Keywords
COVID-19 - vulvar lesion - viral swab - vertical transmission - personal protective equipment
We present a case of a pregnant woman with simultaneous upper respiratory symptoms and vulvovaginitis. She was found to have a vulvar lesion positive for COVID-19 by viral swab. While current research suggests that COVID-19 viral antigen is not found in vaginal secretions,[1]
[2] other lower genital tract shedding or manifestations may have clinical implications for obstetrician-gynecologists.
The patient, a 26-year-old G3P1011 at 31 weeks' gestation with a history of chronic hypertension, presented to a routine prenatal visit. She reported recent history of cough, fatigue, myalgias, anosmia, and ageusia. She denied fevers or sick contacts. Despite these symptoms, she was most bothered by vulvovaginitis, reporting vulvar pruritis and burning. On physical examination, she was found to have normal vital signs, cardiopulmonary examination, fundal height, and fetal heart tones. On chaperoned pelvic examination, a 3-mm ulceration in the right posterior fourchette of the vaginal introitus was noted, and a viral swab was performed to be sent for herpes simplex virus (HSV) viral polymerase chain reaction (PCR) testing. She was also diagnosed with a candida yeast infection of the vulva and prescribed fluconazole. Given her other reported symptoms, a severe acute respiratory syndrome coronavirus 2 (SARS-CoV-2) nasopharyngeal test was also ordered, and the patient was instructed to have the test performed at an offsite outpatient testing site specifically designated for this purpose.
Results returned 3 days later. The RT-PCR testing, specifically Roche Diagnostics'cobas SARS-CoV-2 Test run on the cobas 8800 System, resulted as negative for SARS-CoV-2 RNA but positive for Pan-SARS RNA, a less specific but more sensitive assay within the dual target test. The processing laboratory clarified that this should be treated as a presumptive positive test for SARS-CoV-2. The patient was contacted, but she reported that she had not yet gone for outpatient nasopharyngeal testing. At this time, it was discovered that the viral swab from the vulvar lesion had been inadvertently labeled as a nasopharyngeal swab and sent for SARS-CoV-2 testing rather than HSV testing.

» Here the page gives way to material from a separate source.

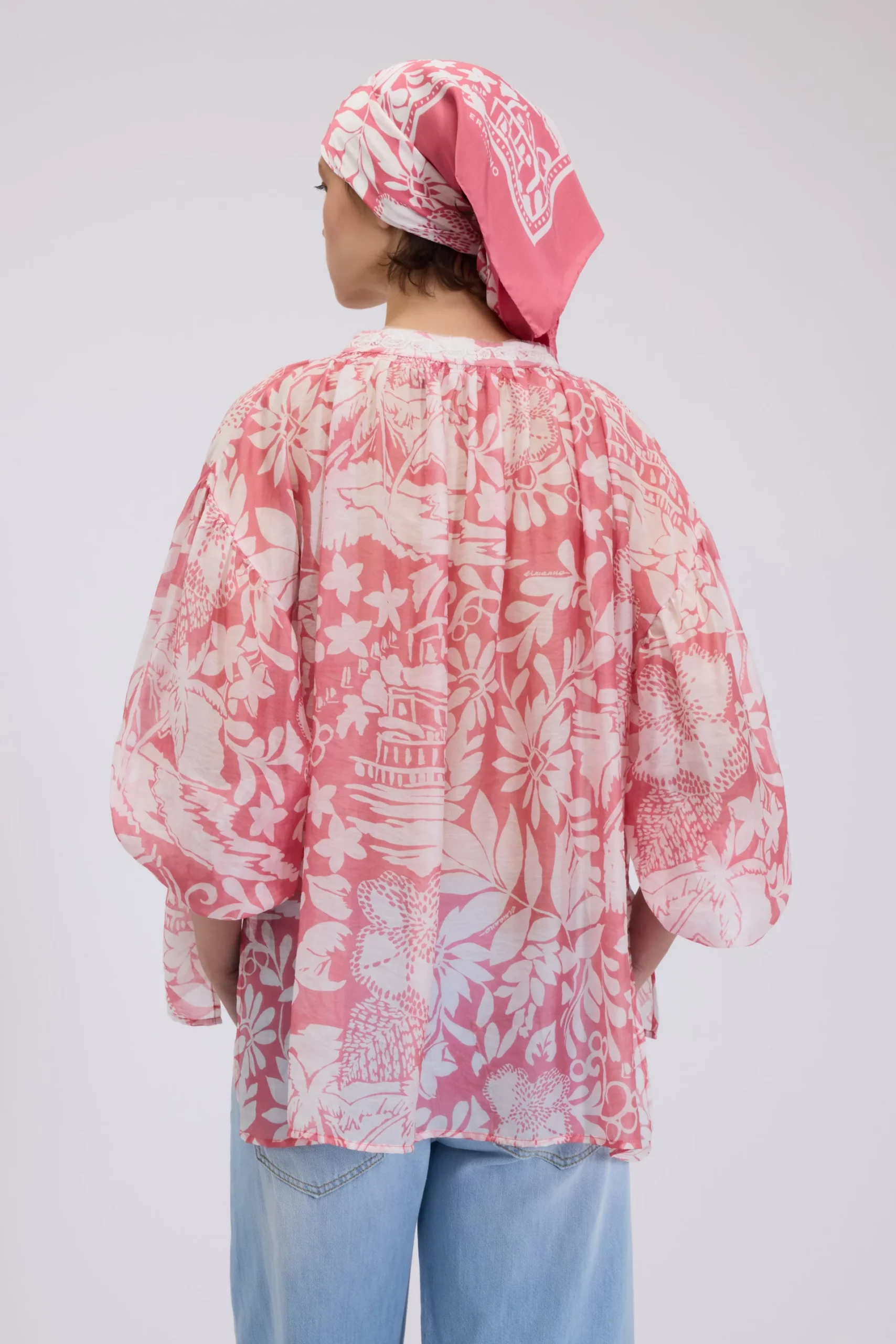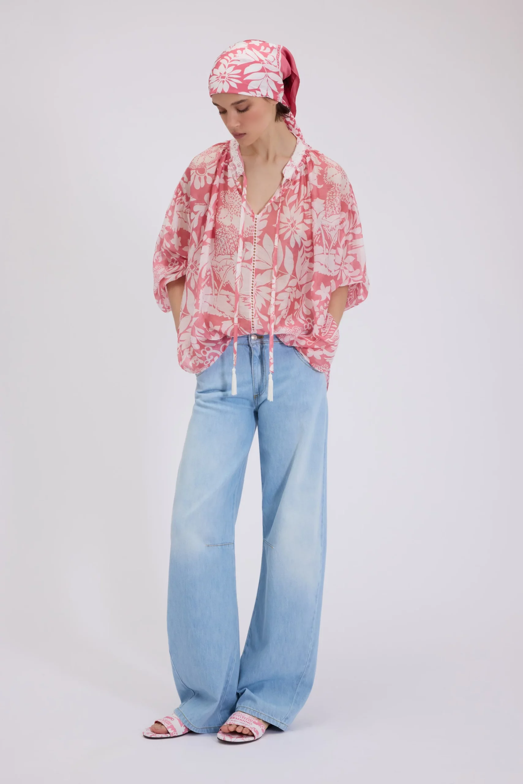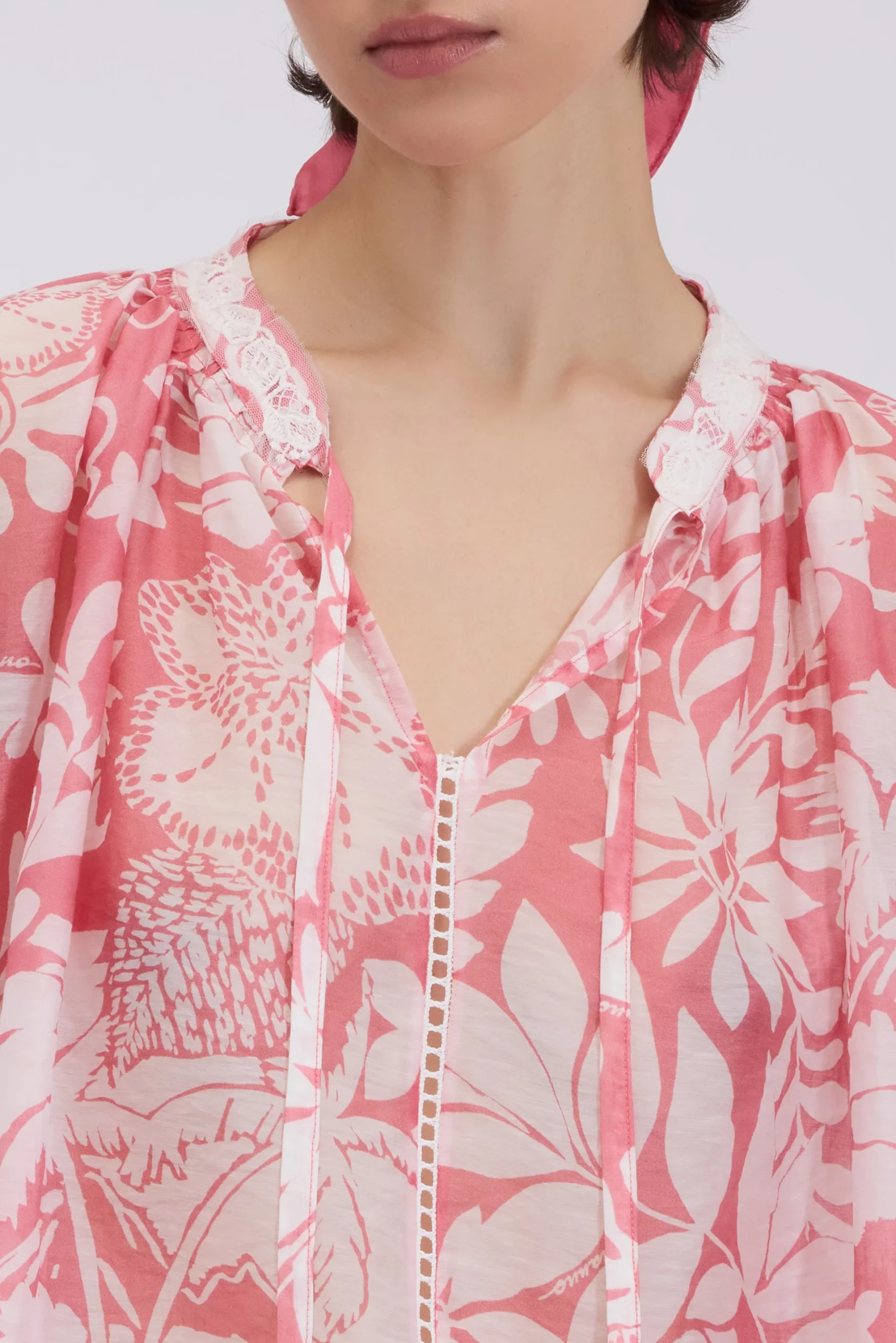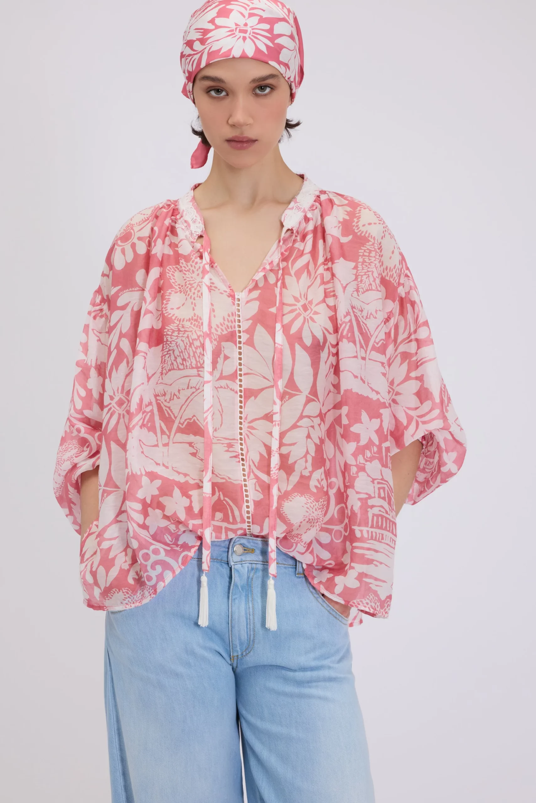Blouse en fine mousseline de coton légèrement transparente avec imprimé floral tropical all over signée Ermanno Firenze. Volume souple, manches raglan amples froncées par élastique. Col mao avec dentelle et ruban à pompons. Broderie ajourée au centre.
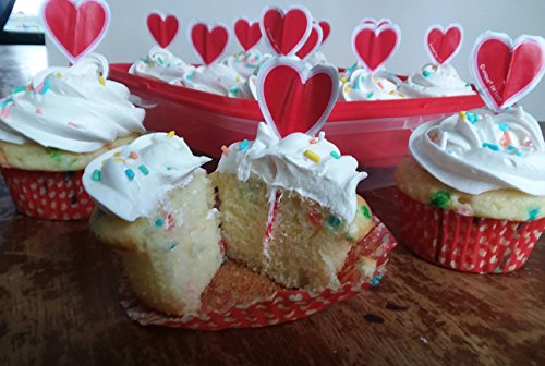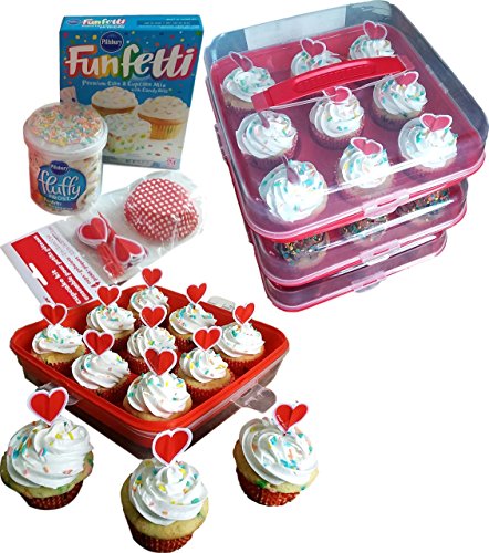 Valentine's Day Cupcake Liners Toppers with Carriers Bundle of 6 Items - Funfetti Cake Mix, Frosting, Heart Liners and Picks, 3 Carriers Great Party Idea

The patient was contacted and immediately informed of the error. Isolation precautions were reviewed, and she agreed to present to the clinic the next day with appropriate infection prevention precautions in place for a nasopharyngeal swab and repeat HSV swab of the vulvar lesion. The vulvar lesion specimen returned negative for HSV-1 and HSV-2. However, her nasopharyngeal swab, which was processed using the same Roche cobas dual target assay and 8800 system, returned positive for SARS-CoV-2 RNA and Pan-SARS RNA.
Given these results and her symptoms at the time of testing, the patient was instructed to self-isolate and had a telemedicine follow-up appointment in 1 week. At that time, she reported resolution of her COVID-19 and vulvar symptoms. A follow-up pelvic examination was then performed 25 days after the vulvar lesion was initially noted. During that appointment, the vulvar lesion was no longer present, and the patient continued to report resolution of her COVID-19 and vulvar symptoms.
This patient represents the first reported case of SARS-CoV-2 viral shedding detected in a vulvar lesion. As nonrespiratory manifestations of COVID-19 are being reported such as chilblain-like lesions found on fingers and toes of patients with this disease,[3] patients with COVID-19 may have vulvovaginitis as a dermatologic manifestation of their disease, with unknown viral shedding in these lesions. It is unclear, however, if this lesion was caused by COVID-19, or rather if viral shedding is occurring in mucus membrane fissures of any origin and that the origin of the lesion was from another cause. Whatever the primary etiology, the detectability of SARS RNA in a vulvar lesion may have implications for health care workers' exposure to SARS-CoV-2 during pelvic examinations and/or vaginal deliveries. Knowing the virus is detectable in the lower genital tract, providers may consider the use of certain personal protective equipment during obstetric or gynecologic examinations. This consideration is of even greater significance given the presence of asymptomatic disease in patients and close contact during essential aspects of these physical examinations.[4]
[5]
[6]
Finally, while vertical transmission of COVID-19 to fetuses and newborns has not been definitively shown,[7]
[8]
[9] the presence of detectable virus in the lower genital tract should prompt continued studies into this possibility. This may have significance in a variety of obstetric scenarios (e.g., prolonged rupture of membranes and prolonged second stage of labor).
By highlighting this case, we wish to alert physicians to this phenomenon and these resulting considerations.